She was glad when the dancing was over and he had finally departed for his hotel, glad when Susie had at last ceased chattering and dropped reluctantly to sleep.
For a long time she lay awake trying to straighten out things in her mind and account to herself for the sense of vague confusion which oppressed her.
Morton had come back! That was the prominent thing, of which she repeatedly assured herself. How often she had looked forward to that moment, and felt in anticipation a vivid joy. She had thought of it in a hundred ways, always with pleasure, but never in this particular way—among so many strangers.
It must be that which confused her, she thought, for she was extremely sensitive to the attitude of those about her. She felt an unspoken criticism of Morton on the part of her new friends in the house, and resented it; yet in her own mind a faint comparison would obtrude itself between his manners and those of Jimmie Saunders or Mr. Greer, for instance. The young Scotchman she had seen regarding Morton with an undisguised dislike, and this she inwardly resented, even while herself disliking his bearing to his aunt—and to her grandmother.
It was all contradictory and unsatisfying, and she fell asleep saying over to herself, "He has come back! He has come back!" and trying to feel happy.
Aunt Orella was happy at any rate. She would not rest until her beloved nephew was installed in the house, practically turning out Mr. Gibbs in order to accommodate him. Morton protested, talked of business and of having to go away at any time; and Mr. Gibbs, who still "mealed" with them, secretly wished he would.
But Morton did not go away. It was a long time since he had been petted and waited on, and he enjoyed it hugely, treating his aunt with a serio-comic affection that was sometimes funny, sometimes disagreeable.

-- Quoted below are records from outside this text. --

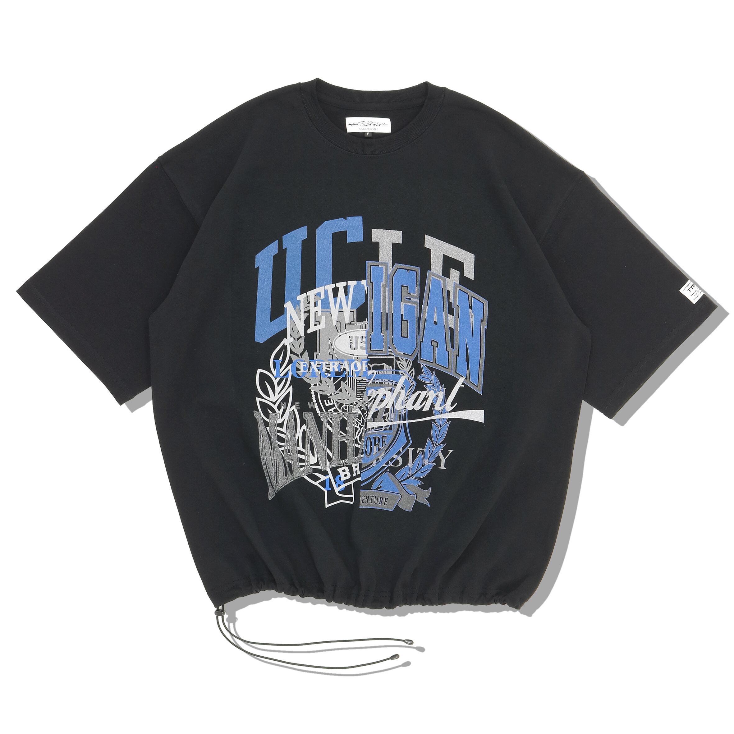 多種類のカレッジグラフィックをのせたグラフィックT。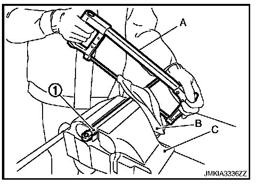- When cutting a hole on trunk lid stay, always cover a hacksaw using a shop cloth (B) to avoid scattering metal fragments or oil.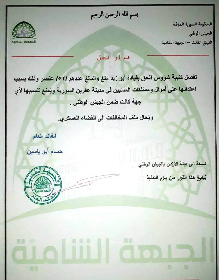 في هذا السياق، أصدر القائد العام للجبهة الشامية، حسام أبو ياسين، قراراً بفصل كتيبة شؤون الحق، بقيادة أبو زيد منغ، والبالغ عددها 52 عنصراً، وذلك “بسبب اعتدائها على أموال وممتلكات المدنيين، في مدينة عفرين”.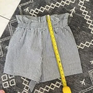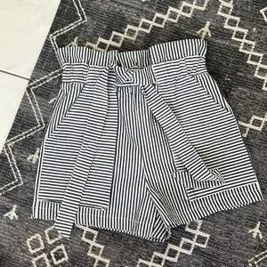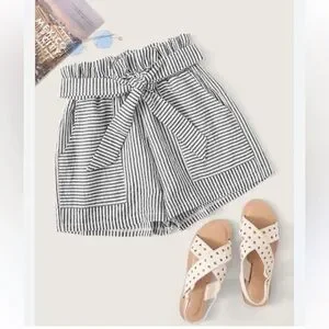 Zara Tie Waist Pinstripe Paperbag Shorts Charcoal White

At least Susie found it so. Her first surprise over, she fell back on a fund of sound common sense, strengthened by present experience, and found a good deal to criticise in her returned brother. She was so young when he left, and he had teased her so unmercifully in those days, that her early memories of him were rather mixed in sentiment, and now he appeared, not as the unquestioned idol of a manless family in a well-nigh manless town, but as one among many; and of those many several were easily his superiors.
He was her brother, and she loved him, of course; but there were so many wanting to be "brothers" if not more, and they were so much more polite! Morton petted, patronized and teased her, and she took it all in good part, as after the manner of brothers, but his demeanor with other people was not to her mind.